Esper defends Trump amid fallen troops firestorm
Defense Secretary Mark Esper said Friday that President Trump respects U.S. service members amid growing furor over a report that said Trump disparaged fallen U.S. troops as “losers” and “suckers.”
“President Trump has the highest respect and admiration for our nation’s military members, veterans and families,” Esper said in a brief statement. “That is why he has fought for greater pay and more funding for our armed forces.”
Esper’s statement offers support to Trump as fury toward the president grows, but it notably does not directly deny Trump made the alleged comments.
The Atlantic, citing multiple unnamed sources, reported Thursday that Trump canceled a visit to the Aisne-Marne American Cemetery near Paris in 2018 because he was worried about the rain messing up his hair and questioned the value of honoring war dead.

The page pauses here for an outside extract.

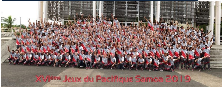
XVI ème Jeux du Pacifique Samoa 2019

“Why should I go to that cemetery? It’s filled with losers,” Trump said, according to The Atlantic.
The magazine also reported that Trump referred to the U.S. Marines who were killed in World War I’s Battle of Belleau Wood as “suckers” in a conversation during the same trip.
The Associated Press later independently confirmed many of the comments reported in The Atlantic.
At the time of the trip, Trump blamed bad weather for the canceled cemetery visit, saying visibility was too low for his helicopter to fly and that the Service Service would not drive him there.
Esper was not Defense secretary at the time Trump allegedly made the disparaging remarks. But he was Army secretary and was in France in 2018 for the World War I commemoration events in question.
A senior defense official said Friday that Esper’s recollection is that “the weather was bad.”
“At the time, he was aware of the flight being canceled for weather reasons and never heard any other such allegation as those in The Atlantic until today,” the official said.
The White House has vigorously denied the story. On Friday, Trump said he saw no need to apologize for the alleged remarks, dismissing the Atlantic report as a “fake story.”
“It’s a fake story written by a magazine that was probably not going to be around much longer, but it was a totally fake story and that was confirmed by many people that were actually there,” Trump told reporters in the Oval Office on Friday. “It was a terrible thing that somebody could say the kind of things — especially to me because I have done more for the military than almost anybody else.”
Trump considers service members and veterans a key part of his base as he seeks reelection, and often boasts of defense budget increases and troop pay raises that have happened under his watch.
But the firestorm over the Atlantic report is raising questions about whether he can prevent that support from eroding.
A Military Times poll released earlier this week found Trump’s support among active-duty troops slipping. The poll found 47 percent reporting an unfavorable view of Trump. Additionally, 41 percent said they would vote for Democratic nominee Joe Biden compared to 37 percent who said they would vote for Trump.